Rewarding Charities for Upholding Big Goals and Achieving Social Profitability
Changing attitudes towards not-for-profit spending
Let’s take the altruistic attitude about not-for-profits – especially in relation to spending and expenses – and turn it on its ear.
Many of us recognize that causes and charities are as much a business as any in the private sector, and equally accountable to the bottom line.
Yet, it takes money to make money, even for charities. Is it morally wrong or should it be chalked up to the necessary cost of doing business today? What impact does it have on Social Profitability?
A pundit who wields some influence for me is humanitarian activist and fundraiser, Dan Pallotta, best known for his multi-day charitable events such as Breast Cancer 3-Day walks, AIDS Rides bicycle journeys, and Out of the Darkness suicide prevention night walks. Over nine years, 182,000 participated in these events and raised $582 million. He knows from whence he speaks.

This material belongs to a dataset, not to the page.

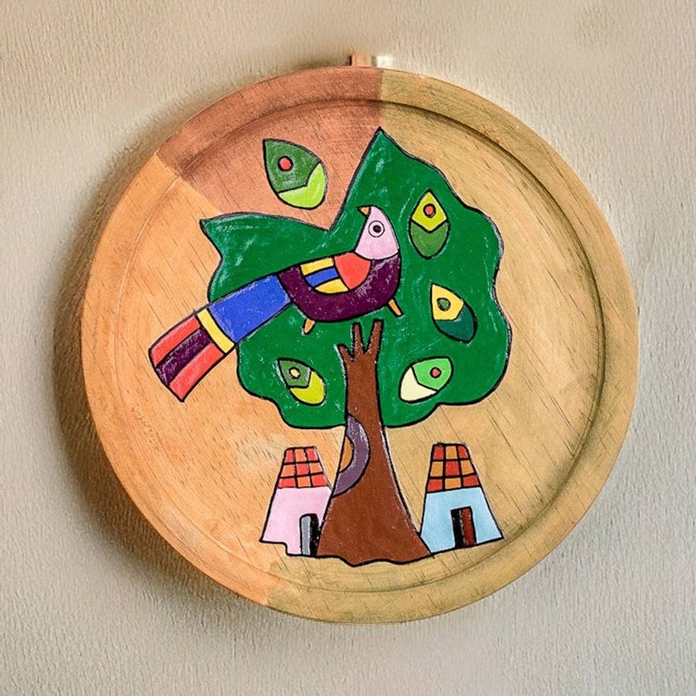 Nature-Themed Hand-Painted Round Decorative Pinewood Plaque 'Tropical Enchantment' Item ID: 2671769146
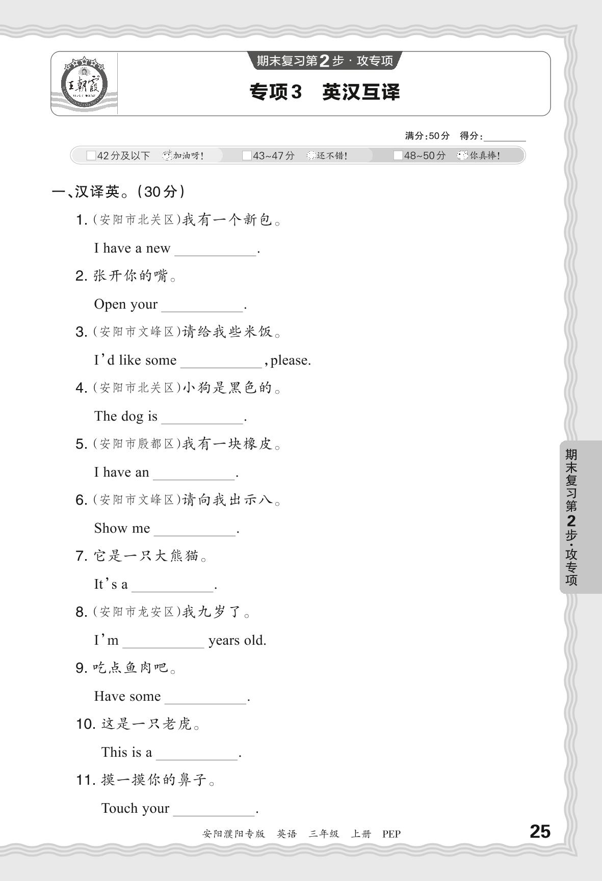 2023秋上册三年级英语人教PEP版 期末专项卷·英汉互译【3】

Dan called attention to this double standard in a TED Talk, which has been viewed more than 3.4 million times, and is one of the 100 most-viewed TED Talks of all time. Pointing out that there is one set of rules for the not-for-profit sector and another for the rest of the economic world, there exists a clear and inbred discrimination. We reward the not-for-profit sector for how little they spend – rather than for what gets the job done.
Does frugality equal greater proceeds for the cause? Not necessarily. Sometimes it takes big money to see big accomplishments, and those results may not even be realized for a few years’ time.
I personally have worked on and participated in many charitable causes and events. I’ve seen the results that can be achieved when money is spent to promote marketing, advertising and media buys, and when resources are engaged and activated to amplify the results.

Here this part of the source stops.